Тут в глазах у Виктора Алексеевича потемнело, и ощутил он вокруг себя какую-то сырость и затхлость. Попробовал пошевелиться – никак. Глазами поморгал – и видит ясные звезды сквозь гроб полусгнивший свой. С грехом пополам выбрался он наружу все-таки и уселся среди покосившихся крестов. Начал себя оглядывать-ощупывать, и не узнает – не Виктор Алексеевич вовсе, а грязный скелет в тряпье истлевшем.
Не по себе стало Виктору Алексеевичу. Только призадумался он, как слышит – какой-то пьянчужка навеселе идет, сигарету покуривает, и что-то под нос мурлычет. До боли курить захотелось Тугову. Подходит он к пьянчужке этому, за плечо его осторожно трогает и вежливо просит угостить его сигаретой. Пьянчужка оборачивается, смотрит на Виктора Алексеевича, а потом, завопив истошно, во всю от него прыть несется. Испугался и Тугов, тоже завопил и припустил за пьянчугой. У того же только пятки сверкают. Выбежали с кладбища, пронеслись по какой-то тихой улице, и тут пьянчуга заскочил в подъезд, дверь захлопнул, и начал изнутри ее тяжелыми предметами заваливать. Совсем не по себе бедному Виктору Алексеевичу сделалось. Стал он в дверь колошматить и не своим голосом визжать, чтобы его переночевать пустили. Тут дверь отворилась, и здоровенный детина как даст киркой по черепу бедному Тугову – тот даже зажмурился.
Когда Виктор Алексеевич открыл глаза, то вновь увидел себя на подоконнике. Выругался он крепко, запустил в жену башмаком и спать отправился.
Сонет
Фома Витольдович пребывал в грусти и меланхолии. Всем своим существом он ждал чуда, и чудо совершилось. Тихо, плавно и нежно, к нему на ладони опустилась крылатая женщина-змейка. Она исполняла восхитительные танцы и пела чудесные песни. Она говорила ему о любви, но ушла к другому. Фома Витольдович думал только о ней, но ее с ним не было. Он заболел тяжелой формой туберкулеза и через полгода скончался.
Никто не станет отрицать, что змея танцующая на ладони – красиво. Золотой цветок, что поет на восходе солнца – это тоже красиво. Но человеческая жизнь – симфония; и тот безумец, кто, слушая лишь скрипку, не обращает внимания на весь оркестр.
Первый блин комом
Мой сосед по лестничной площадке, имени его называть не стану, занялся черной магией. Накупил себе толстенных древних книг, раздобыл человеческий череп, облачился в монашескую рясу и часами стоял на голове.

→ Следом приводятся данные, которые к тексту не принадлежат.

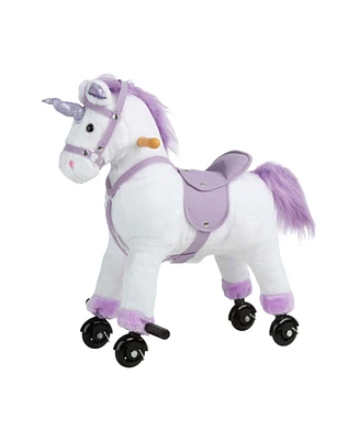 Give your toddler hours of fun, creativity, and imagination in a nursery, playroom, or daycare with the Unicorn Rocking Horse by Happy Trails. This hand-crafted stuffed animal rocker features a sturdy wooden base with curved rails that create a smooth forward and back rocking action on flat surfaces. As your little one laughs and plays, the saddled baby rocking horse helps them release pent-up energy, and improve their muscle strength, balancing skills, and coordination.
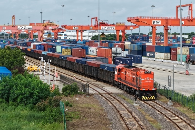 8月27日,貨運(yùn)列車駛?cè)胛挥谏虾鲜痉秴^(qū)內(nèi)的中國-上海合作組織地方經(jīng)貿(mào)合作示范區(qū)多式聯(lián)運(yùn)中心(無人機(jī)照片)。
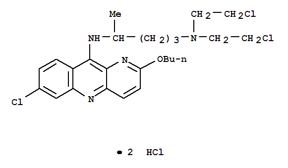 - Synonyms:1,4-Pentanediamine,N4-(2-butoxy-7-chlorobenzo[b]-1,5-naphthyridin-10-yl)-N1,N1-bis(2-chloroethyl)-,dihydrochloride (9CI); Benzo[b]-1,5-naphthyridine, 1,4-pentanediamine deriv.
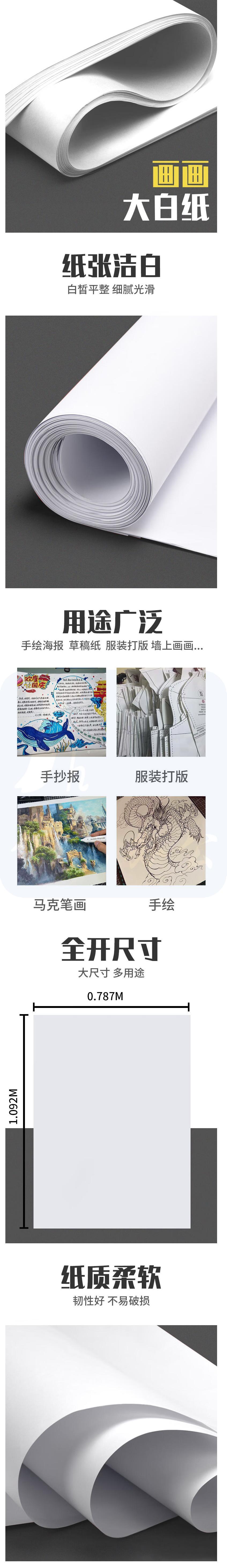 1K纯白色普通大白纸 大张画纸 单位:张 货号:LJ
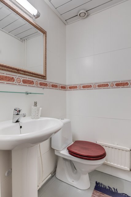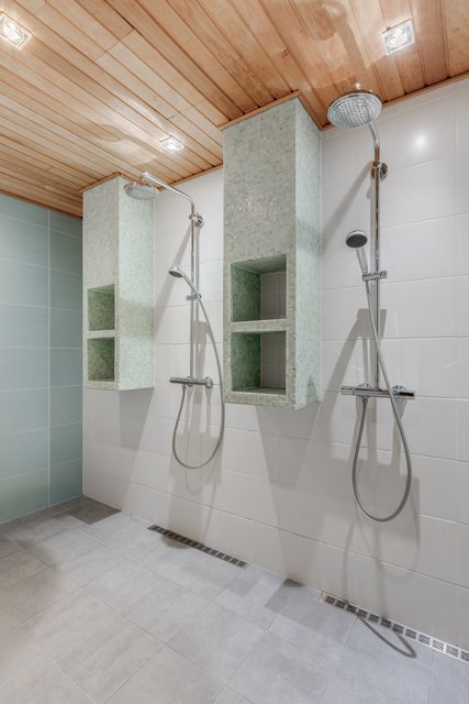 - Kylpyhuone Kuvaus: Alakerran kph:ssa: kaksi suihkua ja wc-tila, missä wcistuin, käsienpesuallas Yläkerran kph:ssa: poreamme, käsienpesuallas, allaskaapisto, peili Lattia: Laattalattia Seinät: Laattaseinä Sauna Varustus: Sähkökiuas Lattia: Laattalattia WC Kuvaus: Alakerran kph:n yhteydessä erillinen wc-tila. Alakerrassa myös toinen erillinen wc (wc-istuin, käsienpesuallas, peili) sekä yläkerrassa erillinen wc (wc-istuin, käsienpesuallas, allaskaapisto, peili). Lattia: Laattalattia Seinät: Laattaseinä

Однажды затащил меня к себе в квартиру и говорит:
– Дождь сейчас вызывать буду, помоги мне, пожалуйста.
А сам изможденный такой, глядеть жалко – дней тридцать постился, на одной лишь воде и жил.
– Отчего не помочь, – говорю, – и жду распоряжений.
Разделся сосед донага, на полу улегся и мне на веревки показывает. Свяжи, говорит, меня покрепче.
Связал я его, крепче некуда, а он давай на полу извиваться, все разорвать веревки тужится и на потолок смотрит. Взглянул на потолок и я. Вижу – большое синее пятно появилось, потом известка стала комьями отваливаться, а затем вода как хлынет. Я бегом на верхний этаж – оказалось водопроводную трубу прорвало. Сосед же расслабился, улыбается. Ничего, говорит, первый блин всегда комом.
Потом насобачился здорово: два пальца ниткой обвяжет, а на улице такой дождь – куда там. Сигарету же закурит – даже молнии сверкать начинают.
Весенний этюд
Новгородский охотник Федоров изловил как-то странную тварь. Чем-то напоминала белку, но глаза были глубокие, бездонные даже. Питалась капустой. Симпатичный зверь, и нрава кроткого, но вот весной петь начинала так, что сердце захватывало. Глубокая тоска в этой нечеловеческой мелодии слышалась, тончайшие переливы. Вся жизнь, невольно, с начала и до конца вспоминалась, причем в самых красивых и нежных тонах.
Приятно бывало посидеть в лесной избушке охотника Федорова за рюмкой хорошей водки весной, когда пробуждается вся природа.
Паразит
У доброго волшебника из Могилева вырос на плече колокольчик. Пробовал сорвать – боль невероятная. Местный хирург срезал этот цветок под наркозом. Не успела ранка зажить, а из нее уже другой колокольчик прет. Похудел волшебник, осунулся. Стал питаться активнее, чтобы вес наверстать, да не в коня корм, все в колокольчик идет.
– Хоть бы польза от него была какая, – возмущался волшебник из Могилева. – А то пустоцвет поганый, да и только!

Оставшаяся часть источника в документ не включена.